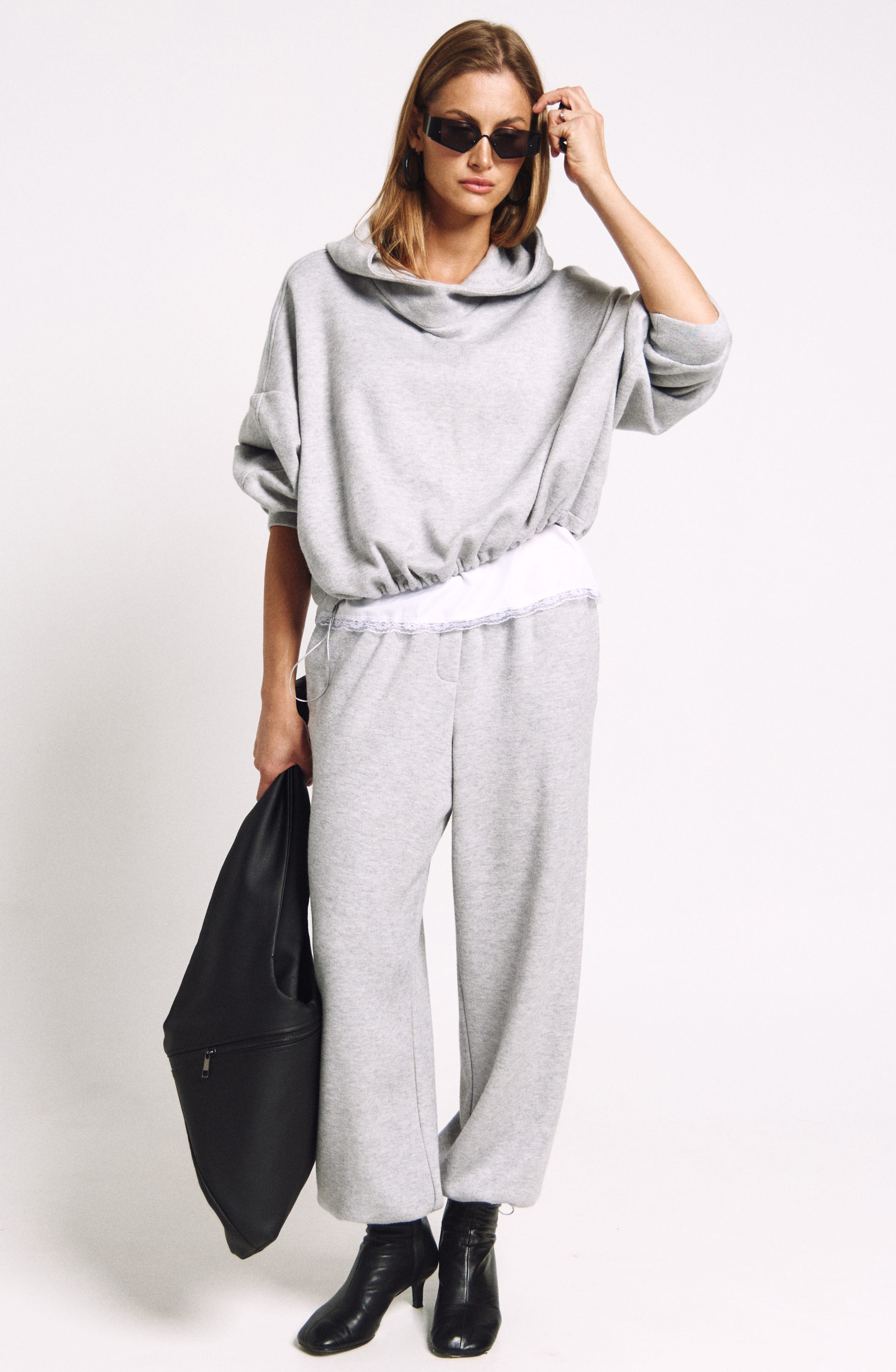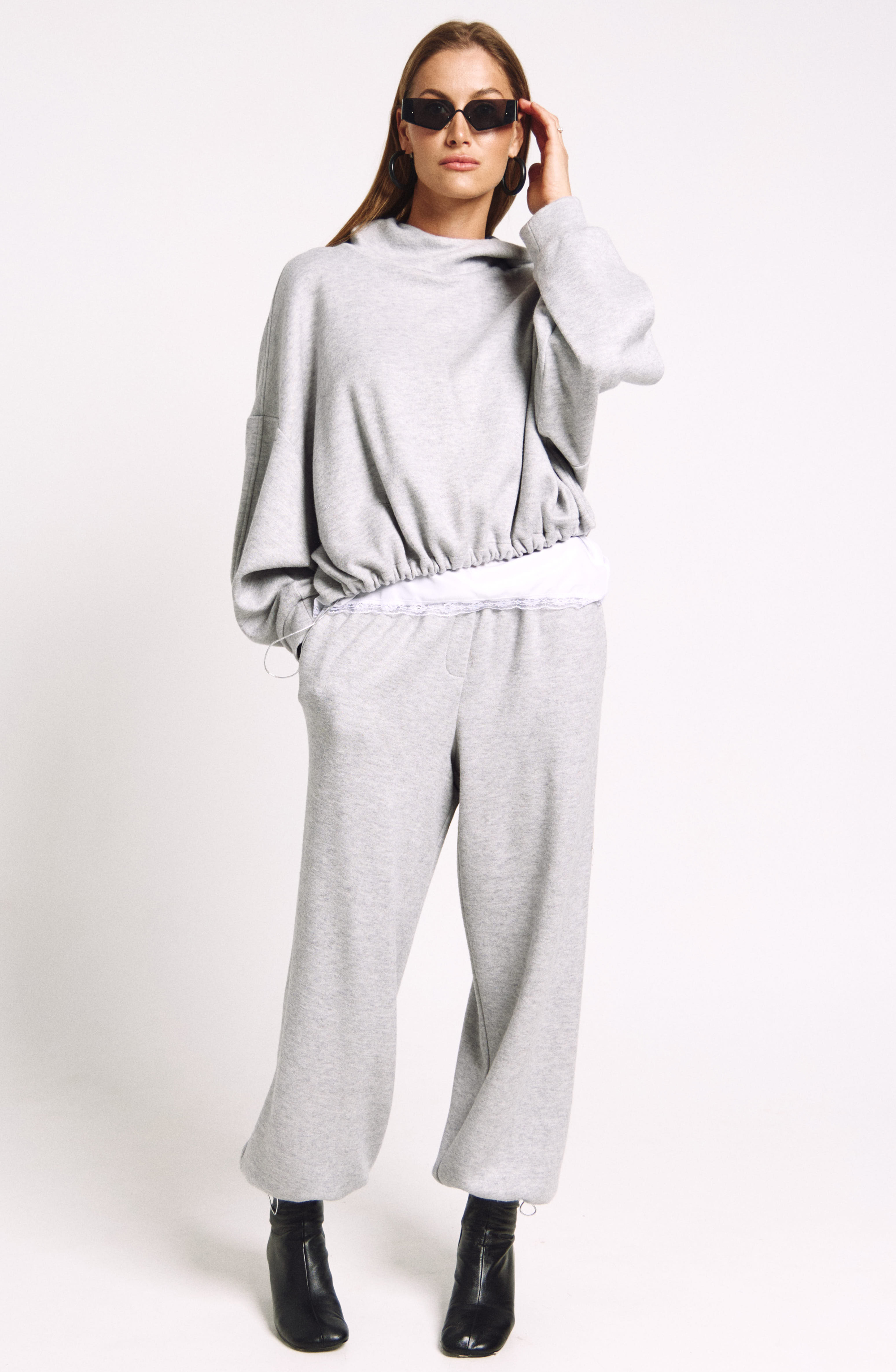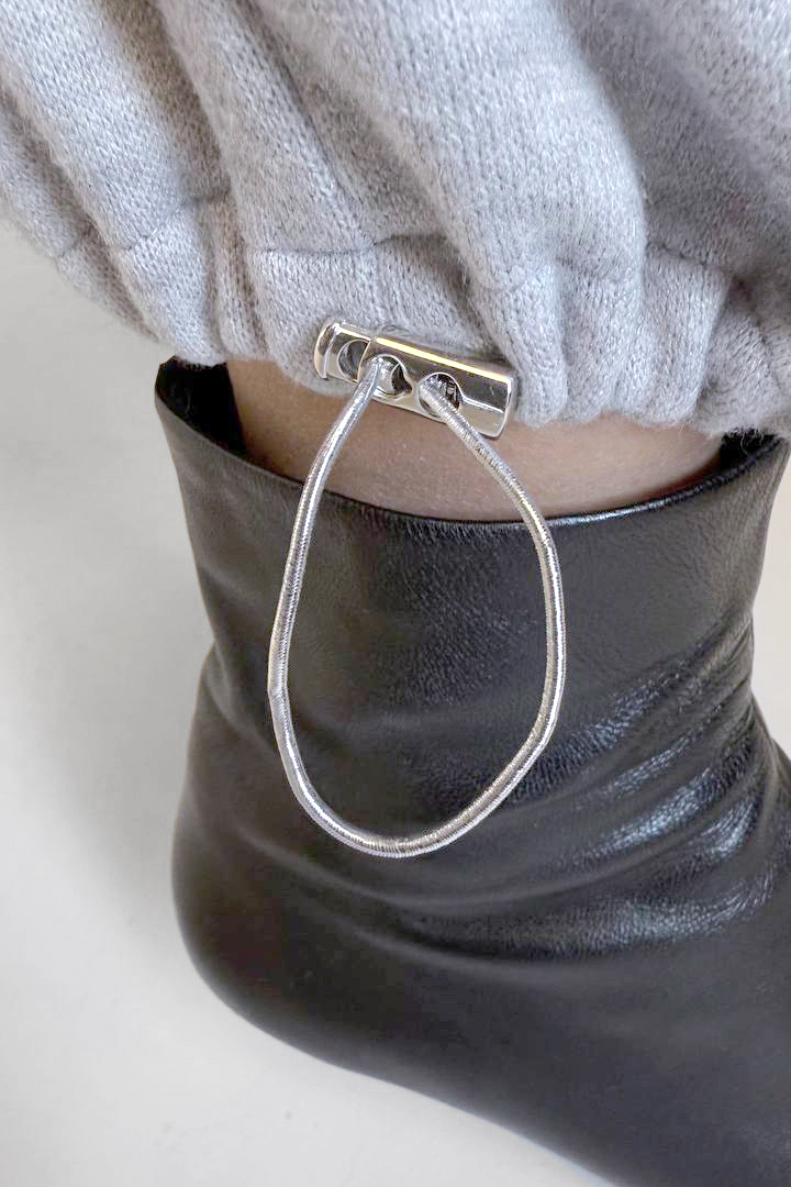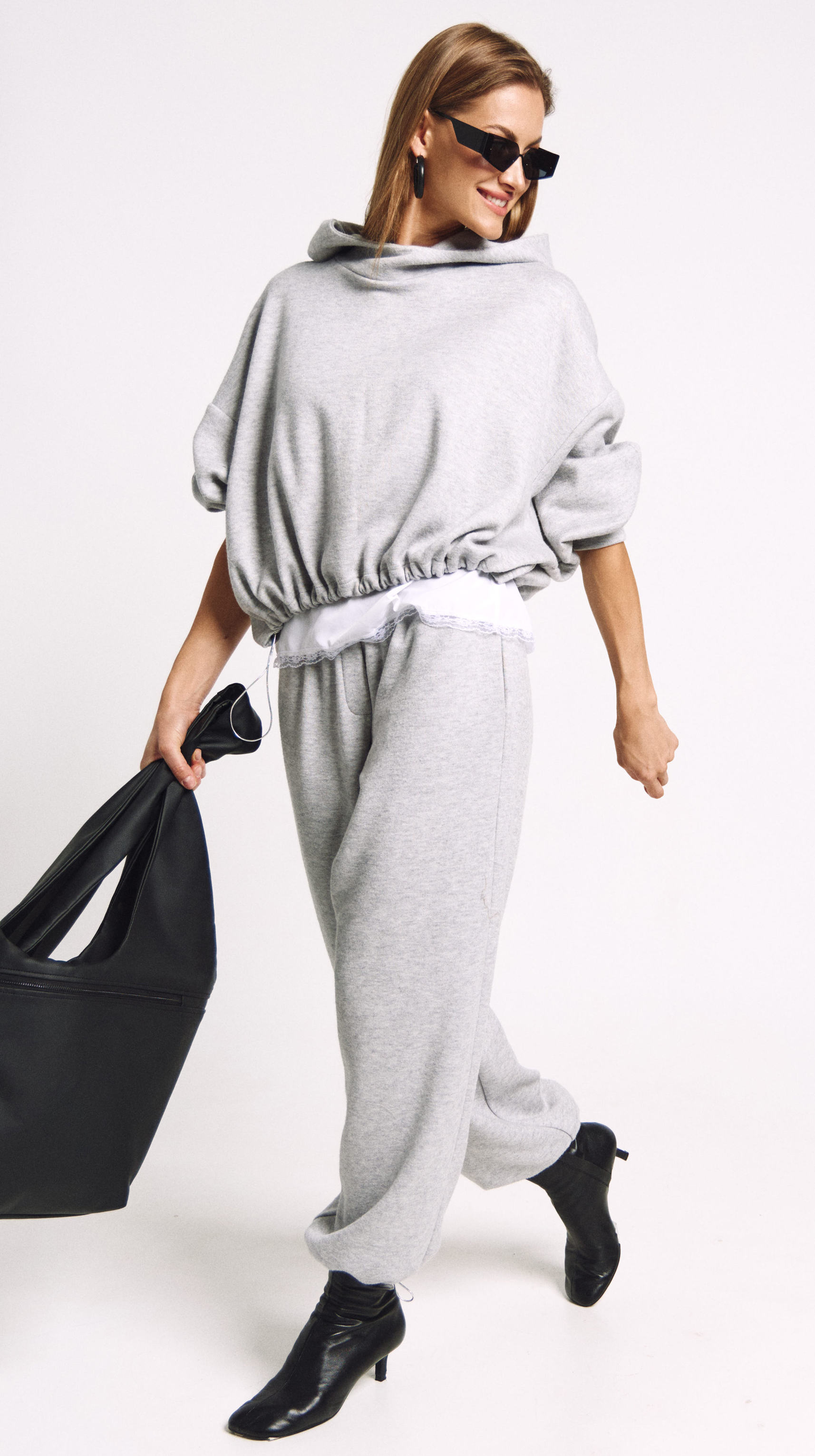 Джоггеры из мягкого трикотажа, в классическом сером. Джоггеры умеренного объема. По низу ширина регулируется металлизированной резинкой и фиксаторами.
--
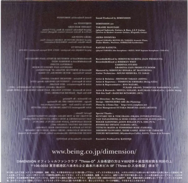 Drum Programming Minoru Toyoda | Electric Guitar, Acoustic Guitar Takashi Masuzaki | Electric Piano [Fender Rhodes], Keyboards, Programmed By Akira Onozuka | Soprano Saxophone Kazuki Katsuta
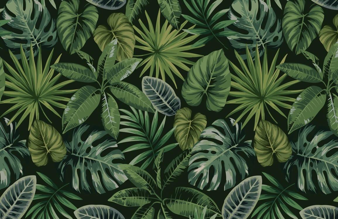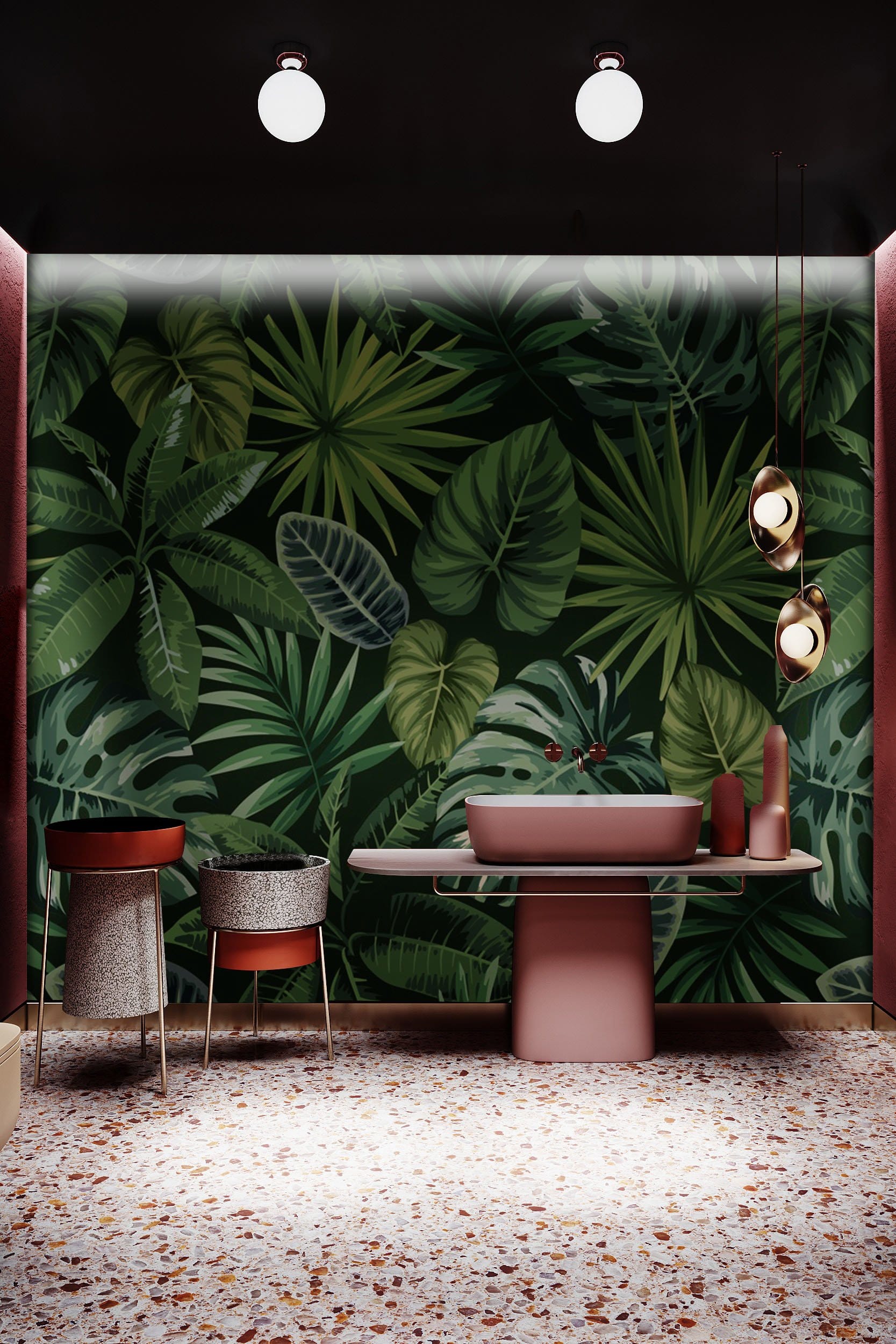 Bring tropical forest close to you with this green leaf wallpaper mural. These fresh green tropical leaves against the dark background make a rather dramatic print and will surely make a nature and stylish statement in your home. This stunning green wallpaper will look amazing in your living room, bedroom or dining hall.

Problem requirements:
Within the listing above, print exactly the stretch beginning at the line that contains "Drum Programming Minoru" and finishing at the line that contains "Bring tropical forest", ends kept, pictures left out, and nothing more.

Written solution:
 Drum Programming Minoru Toyoda | Electric Guitar, Acoustic Guitar Takashi Masuzaki | Electric Piano [Fender Rhodes], Keyboards, Programmed By Akira Onozuka | Soprano Saxophone Kazuki Katsuta
 Bring tropical forest close to you with this green leaf wallpaper mural. These fresh green tropical leaves against the dark background make a rather dramatic print and will surely make a nature and stylish statement in your home. This stunning green wallpaper will look amazing in your living room, bedroom or dining hall.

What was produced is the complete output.